Initially, only the original UNet model’s performance was assessed in terms of validation loss and validation accuracy. Further, the original UNet model was modified using its encoder as a transfer learning model. For this, four transfer learning models were used, i.e., ResNet101, EffcientNetb3, VGG19, and DenseNet. The performance of the UNet model with these four transfer learning models as the encoder was assessed, and from their results, it was determined that EfficientNetb3 performed better than the other three transfer learning models. A detailed description of all the analysis is discussed below:

4.1. Analysis Using Different Optimizers

In the process of model training, optimizers play a crucial role in reducing the loss function and enhancing overall model performance. To validate the model’s performance with a batch size of eight and to determine the most effective optimizer, four different optimizers were employed: Adam [34], SGD [35], Adadelta [36], and RMSprop [37]. These optimizers were used to calculate validation loss and validation accuracy.

As shown in Table 2, a thorough comparison of different optimizers was performed for the original UNet model, the UNet model with EfficientNetb3, and the proposed modified UNet model. This analysis aimed to evaluate each model’s performance with different optimizers. With an epoch of 10 and batch size of eight, the Adam optimizer emerged as the standout performer, showcasing the lowest validation loss value and the highest validation accuracy when compared to the other optimizers. This superiority of the Adam optimizer was consistent across all three models, highlighting its effectiveness at optimizing model performance. Moreover, from Table 2, it can also be observed that, with the Adam optimizer, the proposed modified UNet model achieved the highest accuracy at 88.77 and lowest loss at 23.12 in comparison to other models.
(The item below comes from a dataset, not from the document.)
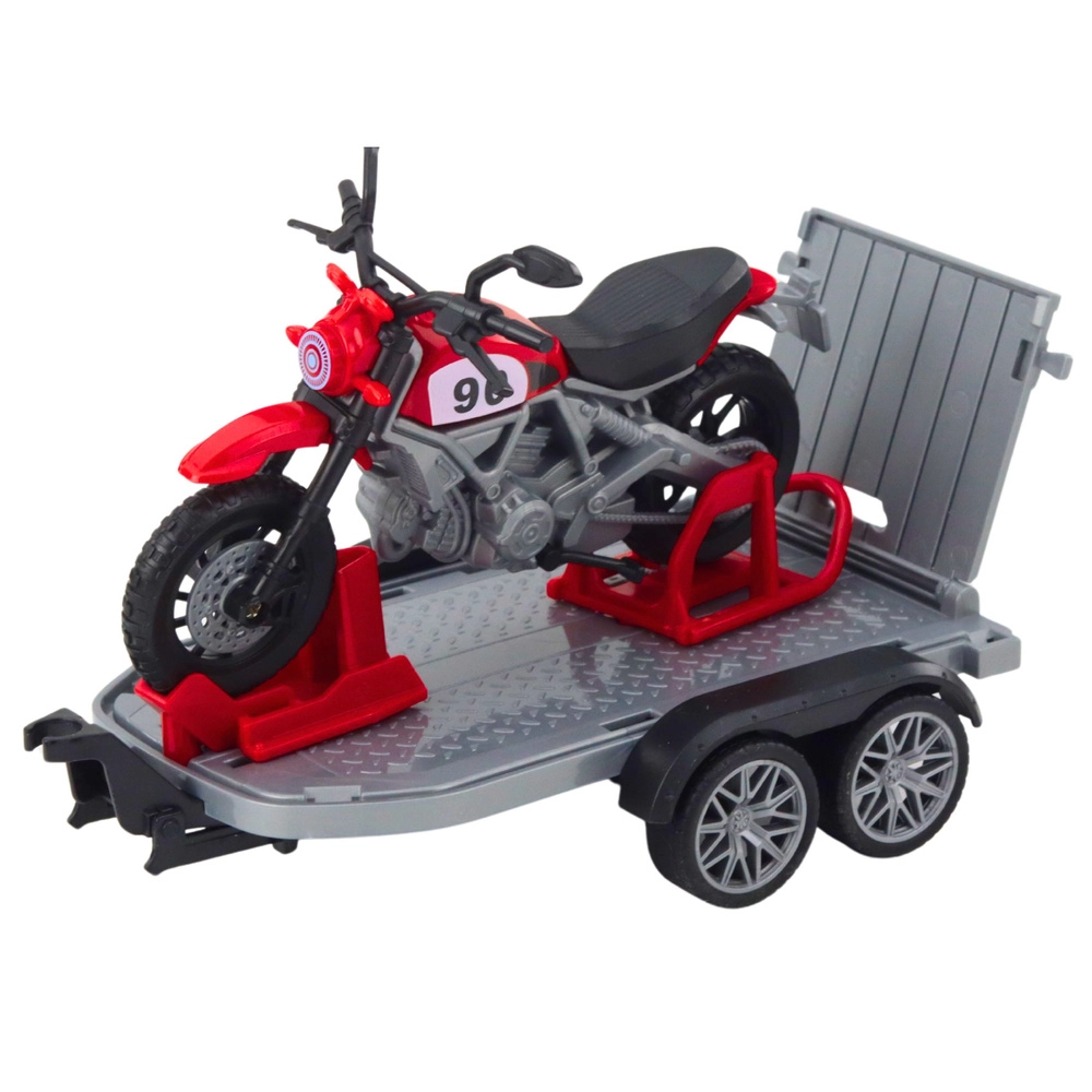 La remorque à deux essieux avec rampe fonctionnelle facilite le chargement de la moto et élargit les possibilités de jeu et de transport.

4.2. Analysis Using Different Batch Sizes with Adam Optimizer

After selecting the Adam optimizer, the performance of the model was evaluated using different batch sizes. As shown in Table 3, batch sizes of 8, 16, and 24 were used, and evaluations were performed at epoch 10 to calculate validation loss and validation accuracy. This analysis was required to determine how different batch sizes affected the performance of the model in terms of these key metrics.

Table 3 shows that a batch size of eight provided low validation loss and high validation accuracy for all three models compared to other batch sizes of 16 and 24. Moreover, the proposed modified UNet model outperformed in terms of validation accuracy at 87.77 and validation loss at 23.12 compared to other models with a batch size of eight.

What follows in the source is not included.